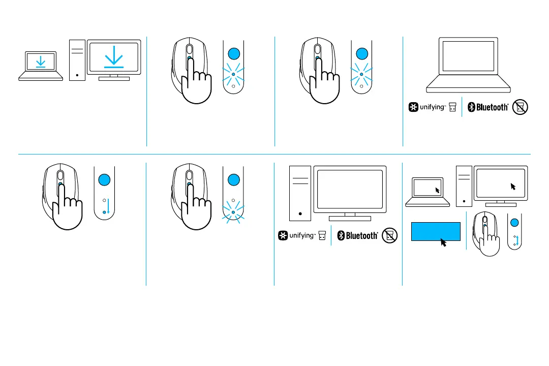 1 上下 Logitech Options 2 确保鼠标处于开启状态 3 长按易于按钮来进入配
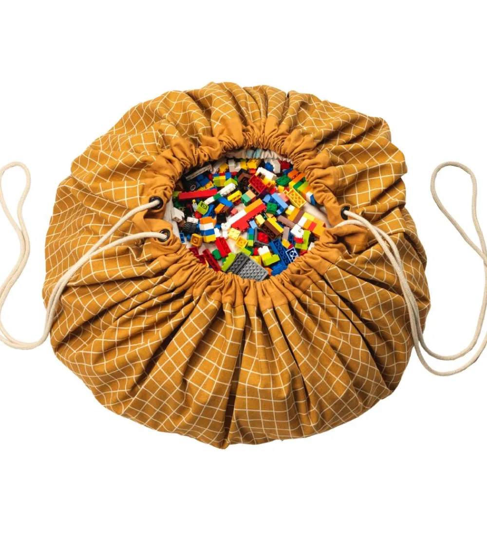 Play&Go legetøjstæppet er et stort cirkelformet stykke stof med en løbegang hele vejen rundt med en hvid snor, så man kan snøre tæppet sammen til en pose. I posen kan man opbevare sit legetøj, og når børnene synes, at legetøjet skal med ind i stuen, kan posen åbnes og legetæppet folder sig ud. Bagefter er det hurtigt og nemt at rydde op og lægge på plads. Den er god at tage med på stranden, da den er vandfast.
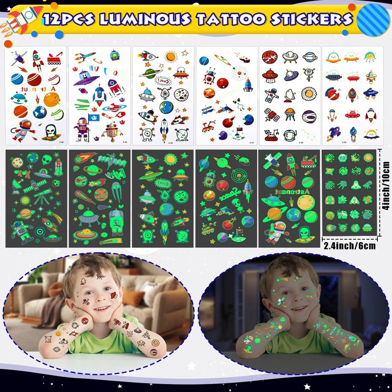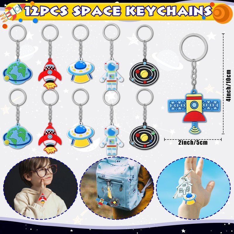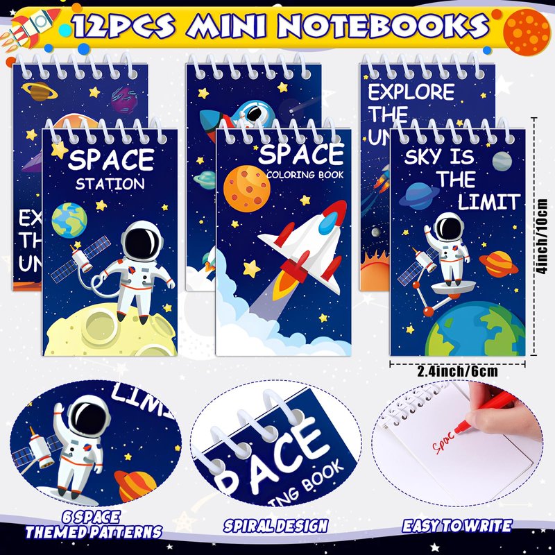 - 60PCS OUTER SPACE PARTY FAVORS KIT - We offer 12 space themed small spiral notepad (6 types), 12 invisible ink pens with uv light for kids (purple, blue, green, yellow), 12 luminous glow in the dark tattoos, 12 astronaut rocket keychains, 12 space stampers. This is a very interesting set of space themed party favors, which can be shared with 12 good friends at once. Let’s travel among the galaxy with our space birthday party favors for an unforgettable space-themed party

- Problem to work on:
Go through the listing and restate each line word for word, leaving out the pictures.

- Output:
 1 上下 Logitech Options 2 确保鼠标处于开启状态 3 长按易于按钮来进入配
 Play&Go legetøjstæppet er et stort cirkelformet stykke stof med en løbegang hele vejen rundt med en hvid snor, så man kan snøre tæppet sammen til en pose. I posen kan man opbevare sit legetøj, og når børnene synes, at legetøjet skal med ind i stuen, kan posen åbnes og legetæppet folder sig ud. Bagefter er det hurtigt og nemt at rydde op og lægge på plads. Den er god at tage med på stranden, da den er vandfast.
 - 60PCS OUTER SPACE PARTY FAVORS KIT - We offer 12 space themed small spiral notepad (6 types), 12 invisible ink pens with uv light for kids (purple, blue, green, yellow), 12 luminous glow in the dark tattoos, 12 astronaut rocket keychains, 12 space stampers. This is a very interesting set of space themed party favors, which can be shared with 12 good friends at once. Let’s travel among the galaxy with our space birthday party favors for an unforgettable space-themed party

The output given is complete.